Data:
+===+
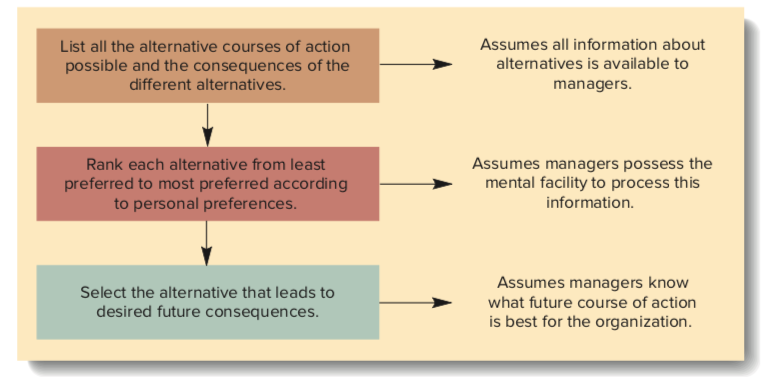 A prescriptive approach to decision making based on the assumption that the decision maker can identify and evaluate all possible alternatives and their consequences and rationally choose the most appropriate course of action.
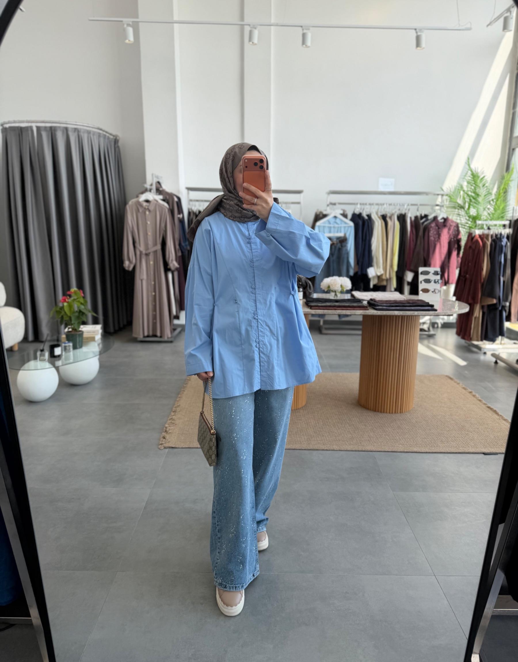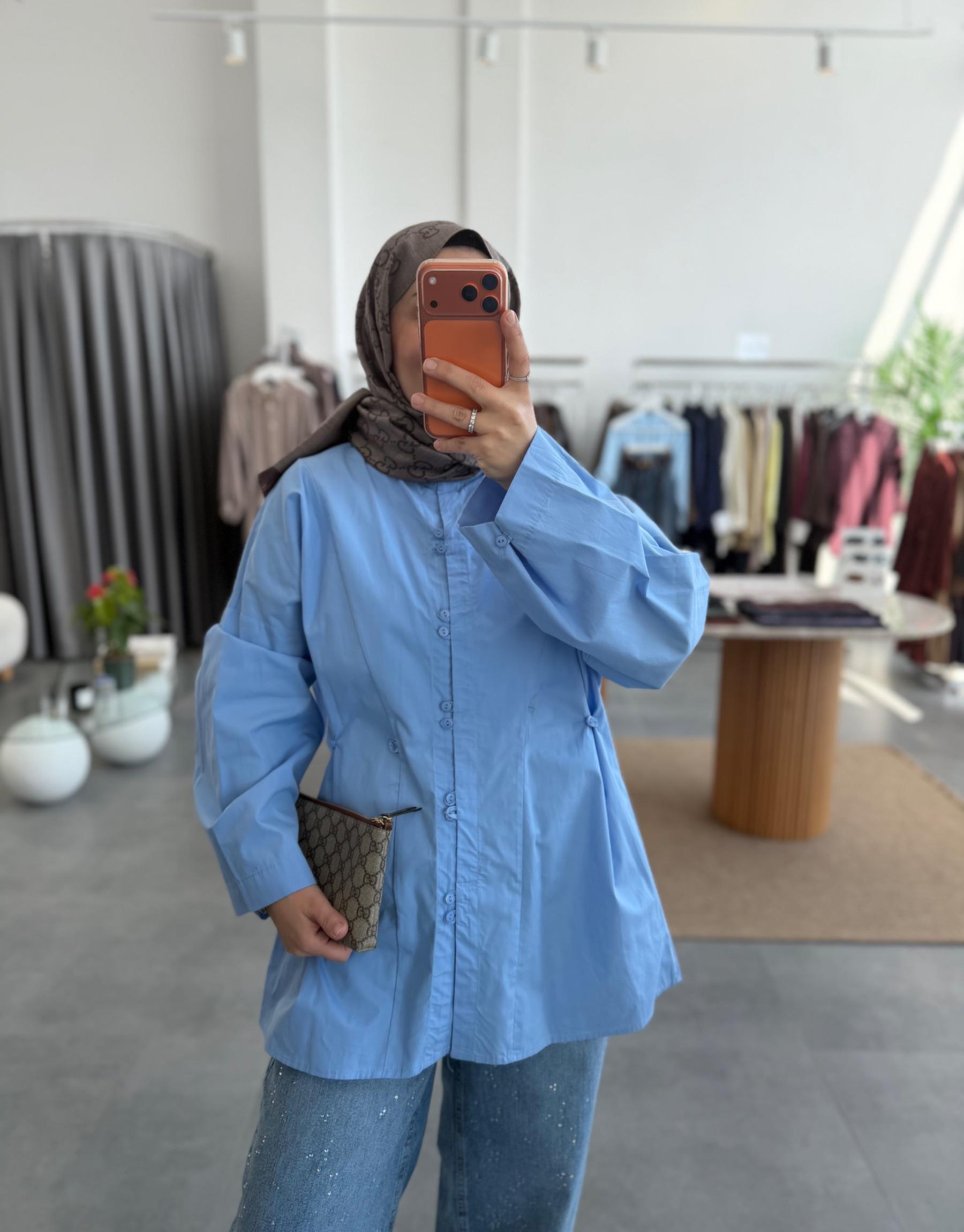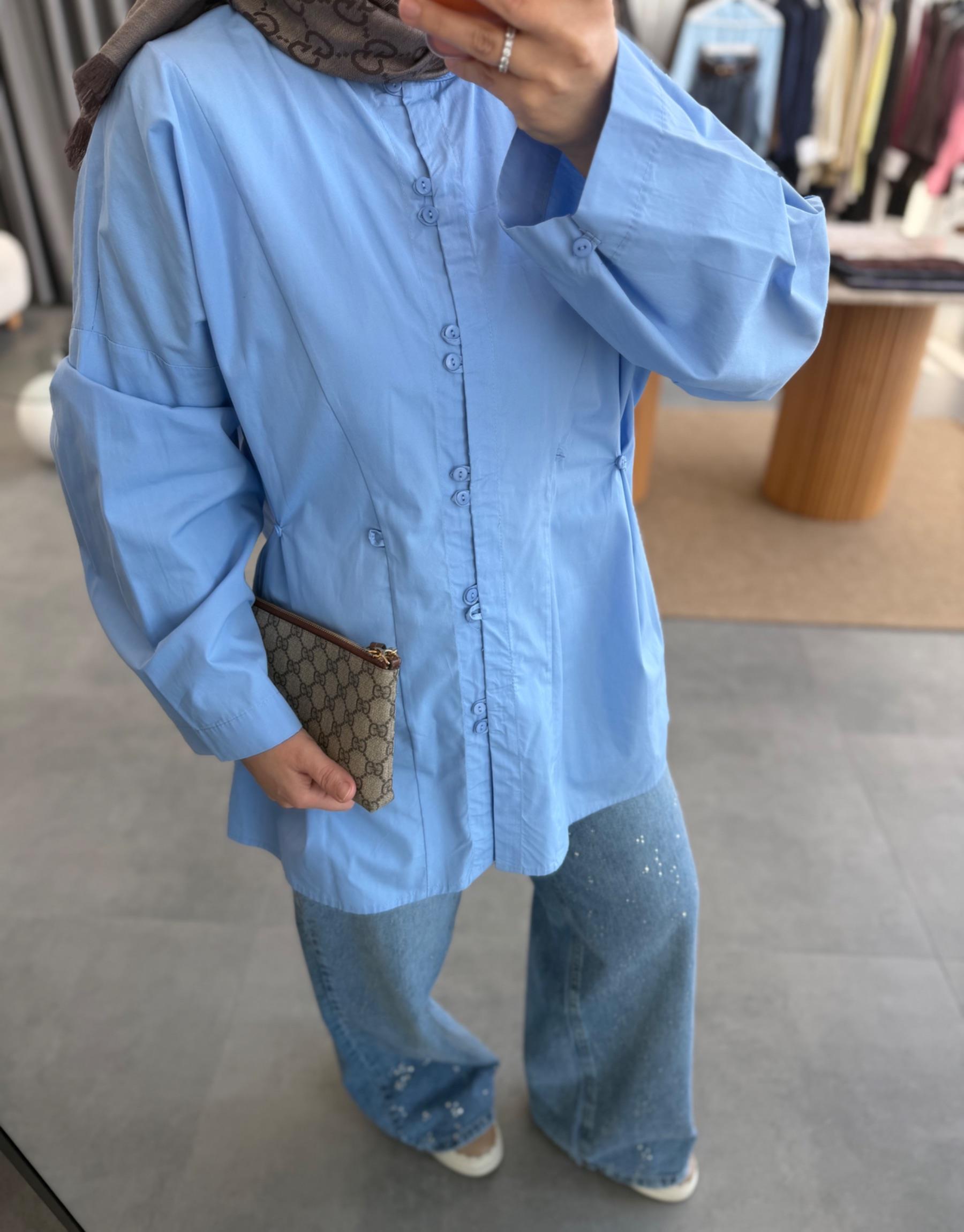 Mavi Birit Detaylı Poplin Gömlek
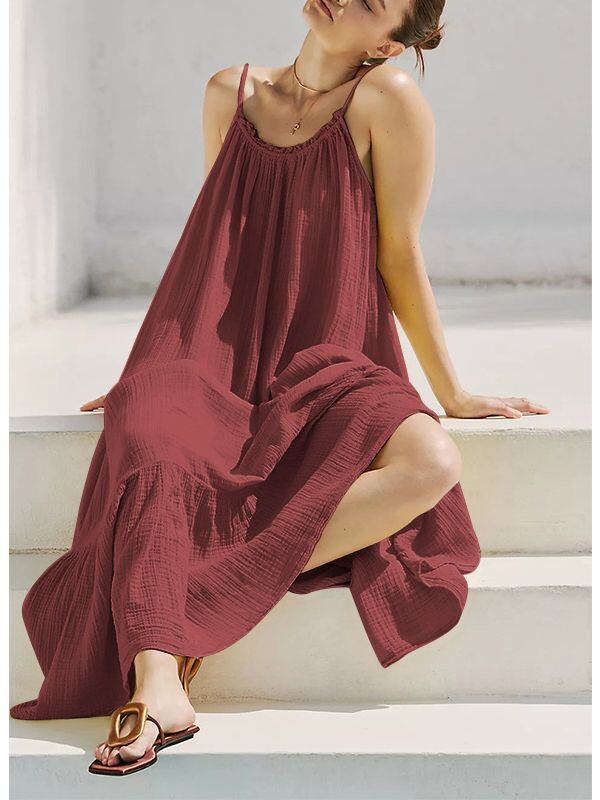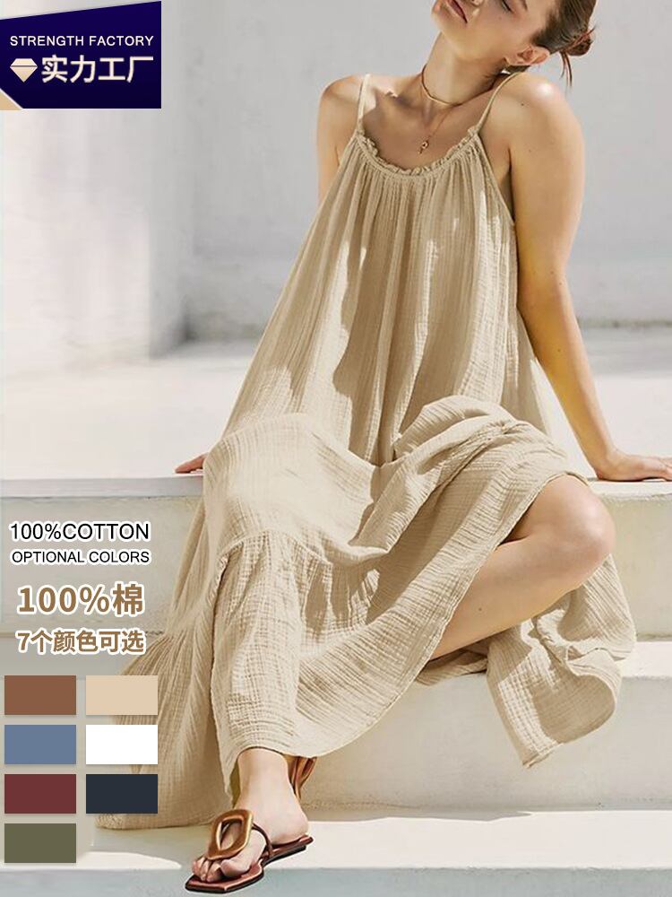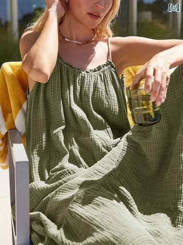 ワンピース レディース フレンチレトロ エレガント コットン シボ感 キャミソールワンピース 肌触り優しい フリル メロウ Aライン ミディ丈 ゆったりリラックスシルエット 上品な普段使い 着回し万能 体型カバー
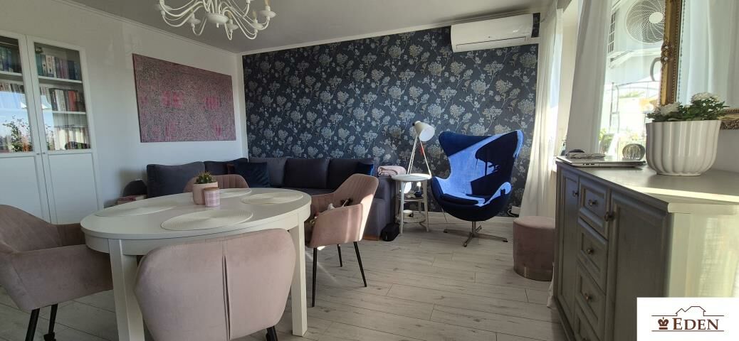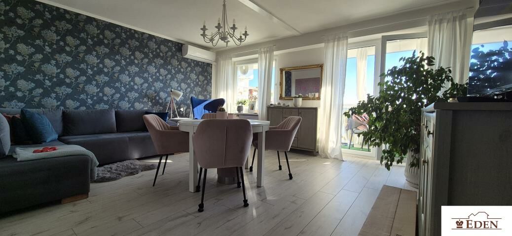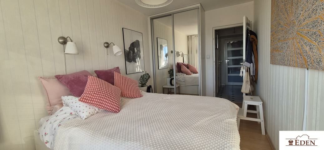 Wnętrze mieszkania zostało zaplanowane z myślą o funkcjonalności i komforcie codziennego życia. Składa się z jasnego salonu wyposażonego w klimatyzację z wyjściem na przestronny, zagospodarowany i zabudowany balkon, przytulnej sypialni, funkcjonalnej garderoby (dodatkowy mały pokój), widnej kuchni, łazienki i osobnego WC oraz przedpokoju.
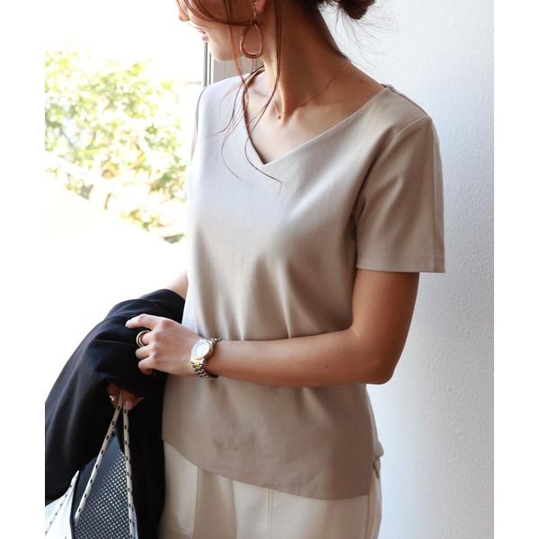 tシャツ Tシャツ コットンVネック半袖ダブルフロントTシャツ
+===+
Instructions to follow: Please write out the lines from the one that holds "Wnętrze mieszkania zostało" through the end of the material, both ends included, exactly and with no pictures.

Task solution:
 Wnętrze mieszkania zostało zaplanowane z myślą o funkcjonalności i komforcie codziennego życia. Składa się z jasnego salonu wyposażonego w klimatyzację z wyjściem na przestronny, zagospodarowany i zabudowany balkon, przytulnej sypialni, funkcjonalnej garderoby (dodatkowy mały pokój), widnej kuchni, łazienki i osobnego WC oraz przedpokoju.
 tシャツ Tシャツ コットンVネック半袖ダブルフロントTシャツ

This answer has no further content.